Exercise description: Apart from the pictures, everything in the lines below must be printed exactly.

Collected data:
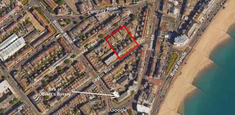 The nine 3-storey terraced houses in Ceylon Place seem to have originally been numbered 1 to 9, but were later renumbered 52 to 68 Ceylon Place (even numbers only), and still are. The rather handsome terrace is at the extreme east (Seaside) end of Ceylon Place on the north side of the road, and would have been just round the corner from Gilbert's Bakery in Bourne Street.
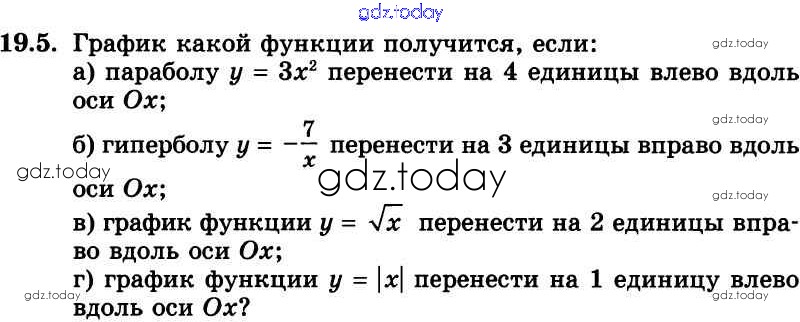 На страницах сайта gdz.today вы найдете учебный и вспомогательный материал, направленный на улучшения знаний школьной программы. ГДЗ - онлайн мир знаний Решение к параграфу 19 5 Задачнику по Алгебре для 8 класса Мишустина, Мордкович Базовый уровень Мнемозина 2015
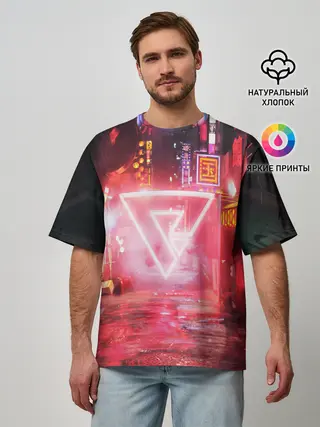 Мужская футболка оверсайз / КИБЕР НЕОН
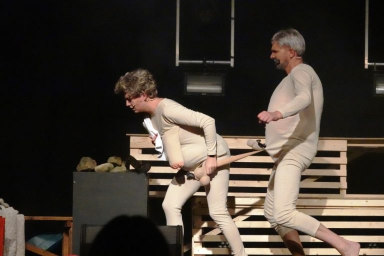 Daar was voor velen het hoogtepunt van de avond wat dan ook tot veel hilariteit geeft geleid: Hoe vergaat het oudere mensen in de sauna? Vele ongemakkelijke situaties waarbij de gene steeds meer op een zijspoor kwam te liggen.

Result for this task:
 The nine 3-storey terraced houses in Ceylon Place seem to have originally been numbered 1 to 9, but were later renumbered 52 to 68 Ceylon Place (even numbers only), and still are. The rather handsome terrace is at the extreme east (Seaside) end of Ceylon Place on the north side of the road, and would have been just round the corner from Gilbert's Bakery in Bourne Street.
 На страницах сайта gdz.today вы найдете учебный и вспомогательный материал, направленный на улучшения знаний школьной программы. ГДЗ - онлайн мир знаний Решение к параграфу 19 5 Задачнику по Алгебре для 8 класса Мишустина, Мордкович Базовый уровень Мнемозина 2015
 Мужская футболка оверсайз / КИБЕР НЕОН
 Daar was voor velen het hoogtepunt van de avond wat dan ook tot veel hilariteit geeft geleid: Hoe vergaat het oudere mensen in de sauna? Vele ongemakkelijke situaties waarbij de gene steeds meer op een zijspoor kwam te liggen.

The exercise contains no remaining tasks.